Dalam konteks sosial, maka yang jadi pusat perhatian tulisan ini adalah komunikasi sosial atau membina hubungan. Harapan dari kecerdasan emosional membantu pribadi dalam relasi sosial mengeksplorasi kesadaran diri sendiri untuk memasuki kesadaran diri orang lain.
Namun dalam prakteknya, upaya menjadi bintang pergaulan dilakukan karena kebutuhan pribadi, bersembunyi di balik topeng keanggunan Sok Kenal Sok Dekat (SKSD) dengan bermain peran dan mengikut apa yang diharap orang lain dengan syarat tujuan pribadinya tercapai. Inilah kemudian disebut sebagai bunglon sosial.
KEHILANGAN MUKA
Ingat kisah seseorang yang kehilangan muka ? ah yang bener ! ada orang kehilangan muka, mukankah muka itu wajah bagian dari disi seseorang sebagai identitas.

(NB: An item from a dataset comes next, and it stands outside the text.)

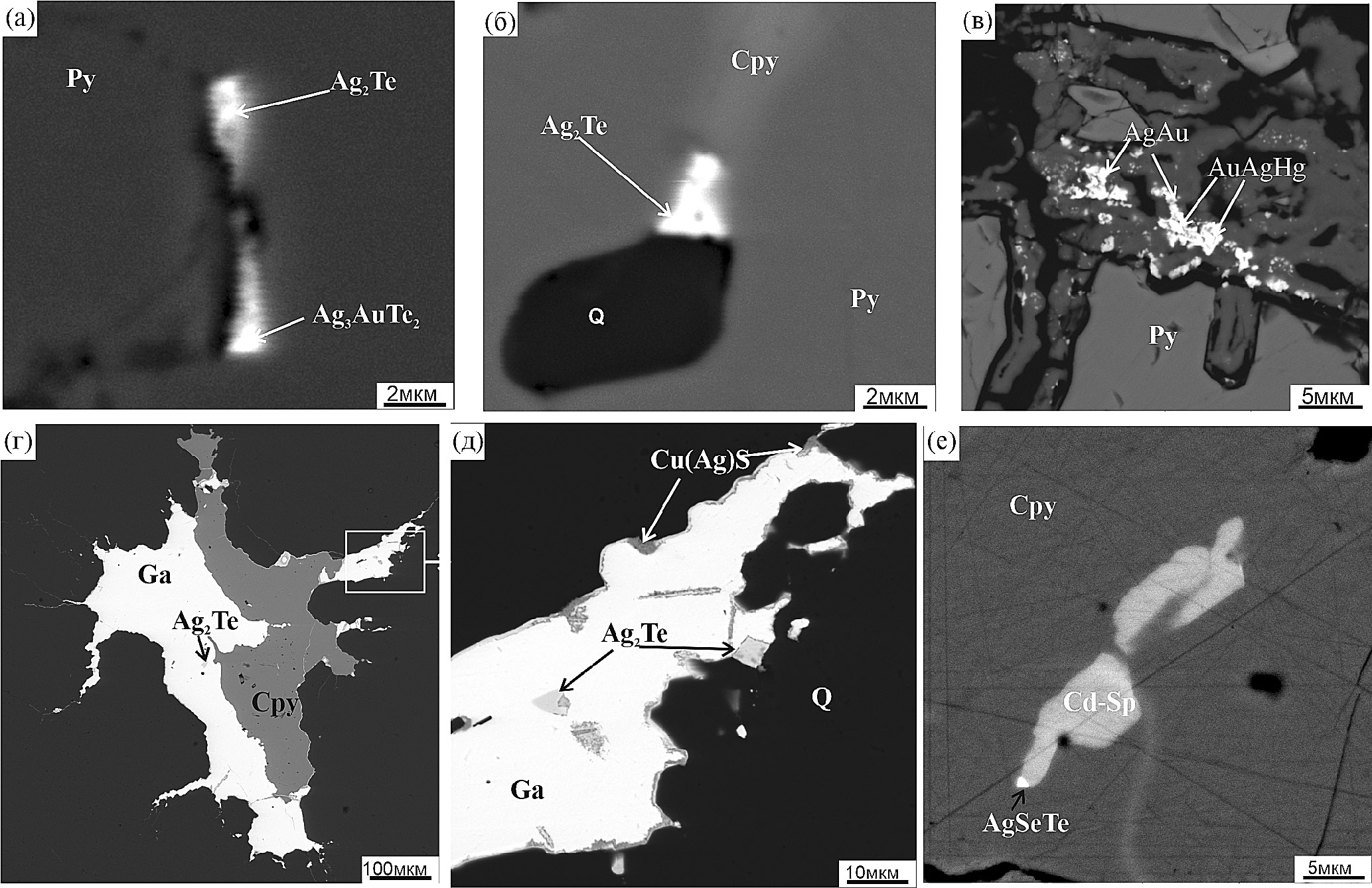 Фиг. 10. Строение сульфидных агрегатов магнетит-халькопирит-пиритовой ассоциации: а – игольчатые агрегаты гематита цементируют изометричные кристаллы магнетита (обр. 475); б – микровключения меренскиита (PdTe 2 ) в пирите ассоциации (обр. 475); в, г – структуры распада: в – линейно-зональные – халькопирит в пирите (обр. А5-19); г – графические срастания – пирит в халькопирите (обр. А-653, воздушное травление); д, е – кокардовые структуры: д – Py+Mgt (обр. 342-1), е – Cp+Py+Mgt (А-652).
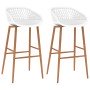 Nuestro conjunto de 4 sillas de bar es ideal para disfrutar de unos sorbos de vino en el bar, tomar un bocado en el mostrador o para utilizar como asientos adicionales cuando tienes invitados. Estas sillas pub tienen un asiento de diseño ergonómico con respaldo bajo integrado en un aspecto de malla. Hechas de PP robusto y con fuertes patas de metal con impresión de transferencia de calor en aspecto de madera, estas sillas de barra son sólidas y duraderas. Estos taburetes de cocina son fáciles de montar.

Mari diperhatikan dalam kehidupan sosial atau di lingkungan kerja, para pegawai yang tingkat kompetensinya pas-pasan atau di bawah standart merasa kehilangan muka, mereka khawatir apa yang dilakukan tidak dinilai oleh atasan, sehingga sia-sia yang telah diusahakannya.
Lalu apa yang dilakukan ? mereka menjadi caper (cari perhatian) dan carmuk (cari muka). Pada istilah carmuk inilah seseorang berusaha mencari mukanya sendiri, pahadal ya tidak hilang mukanya, tetap menjadi wajah dan cover diri yang terbawa selalu mengikuti pergerakan si empunya.
Andai saja merasa punya muka, maka tidak akan perlu melakukan usaha mencari muka, artinya mereka merasa mukanya tidak dibawa ketika bekerja. Maka yang benar, bahwa mereka mencari muka pimpinan atau orang yang memiliki kewenangan dan kekuasaan.
Bahanya bagi carmuk adalah mereka lebih fokus berkaya agar orang lain senang, berkreasi ketika ada gelagat mendapatkan reward dan pujian. Beginilah bunglon sosial selalu menjadikan mukanya sebagai pusat perhatian dan menyerap energi orang lain.